Zuidnederlands Woordenboek

Walter De Clerck (1981)

Gepubliceerd op 03-02-2023

luik

betekenis & definitie

In toep. op een (onder)deel van een groter geheel: deel, gedeelte (van een document, formulier enz.); strook; - (pol.) onderdeel (van een programma e.d.): het economisch-sociaal luik van de regeringsverklaring.

Precies op het ogenblik dat de voetbalwedstrijden aanvangen (15 u. of 14.30 u.) worden de formulieren ... achter slot en grendel gestouwd. Daarbij komt er een dubbele garantie. De luiken B van de formulieren verdwijnen in een grote kast, Knack 21/2/1973, p. 65.

De storter moet de 2 luiken van het formulier invullen, hetzij met de pen en inkt, hetzij met om het even welk drukmiddel, Post 1976, 14.

Vorig jaar beloofde minister Michel dat er een derde luik bij de identiteitskaarten zou gevoegd worden, vermits bij de invoering van de fusies, er heel wat mensen aan een nieuwe kaart dienden geholpen te worden, Bond 4/1/1977.
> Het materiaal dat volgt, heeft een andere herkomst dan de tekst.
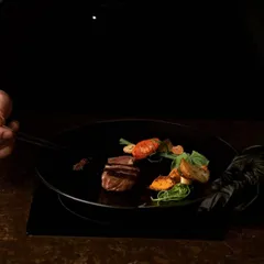 餐廳主打食材以日本頂級食材與每日新鮮直送海鮮為核心。招牌料理包含頂級A5和牛料理、A5和牛鐵板燒、鮮活龍蝦鐵板燒、鮑魚鐵板燒以及各式活體海鮮料理。尤其是備受饕客推崇的和牛鐵板料理與台北A5和牛料理,選用日本頂級A5和牛,油花細緻、入口即化,透過鐵板高溫瞬間鎖住肉汁,呈現極致風味,也成為許多美食愛好者尋找台北和牛鐵板燒時的首選。
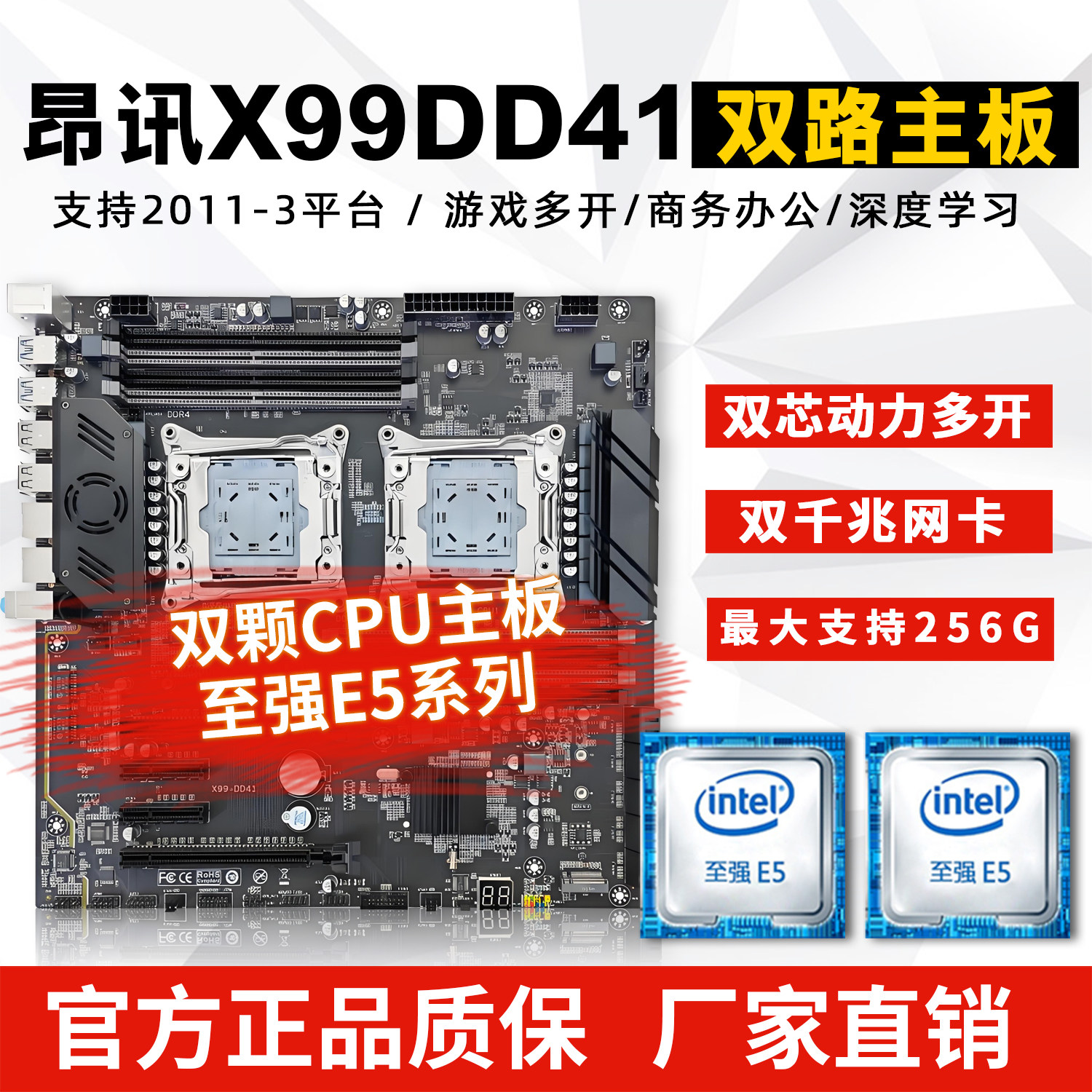 全新昂讯X99-DD41双路主板服务器平台游戏多开E5电脑8内存槽大板
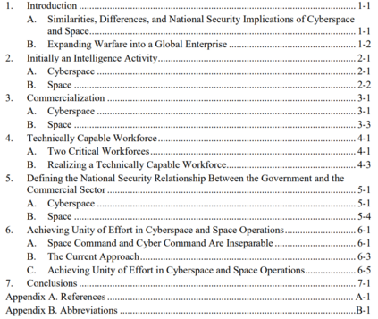 其中三个问题涉及:(a) 确定政府与商业部门在每个领域的国家安全关系;(b) 招募、专业发展和留住有技术能力的劳动力;(c) 在每个领域内部和两者之间实现统一行动,包括确定美国网络司令部(CCB)与美国太空总署(NASA)之间的适当关系。 这包括确定美国网络司令部(CYBERCOM)与国家安全局(NSA)之间、美国太空司令部(SPACECOM)与国家侦察局(NRO)之间以及美国网络司令部和太空司令部与地域和职能作战司令部(CCMDs)之间的适当关系。
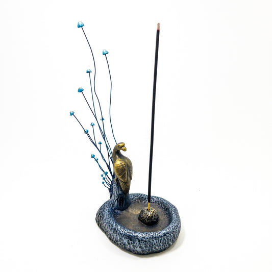 A curated set of one-of-a-kind incense holders sculpted by hand. Each piece blends functional design with surreal organic forms—birds, fungi, stone textures, and metallic patinas. Designed to hold standard incense sticks.

Tot daar het «Brussels luik» van het Egmontplan, dat, wat men ook over de andere onderdelen moge denken in ieder geval de politieke positie van de Vlamingen in Brussel gevoelig versterkt tot op gemeentelijk vlak, Gazet v. Antw. 4/7/1977.

Ook vrijdag is de regeringsraad er niet in geslaagd de programmawet af te werken. Die wet is er nodig om een reeks uitgaven in te krimpen, ten einde de rijksbegroting voor 1978 binnen redelijke perken te houden. Eerder deze week werd het fiskaal luik ervan goedgekeurd, maar ook daarover blijkt nu het laatste woord nog niet gezegd, Gazet v. Antw. 14/9/1977.

De zes partij-delegaties krijgen dan tot 15 uur de tijd om hun partijbesturen te raadplegen waarna Martens de diskussie zal afsluiten over het communautaire luik van het regeerakkoord, Standaard 7/5/1980.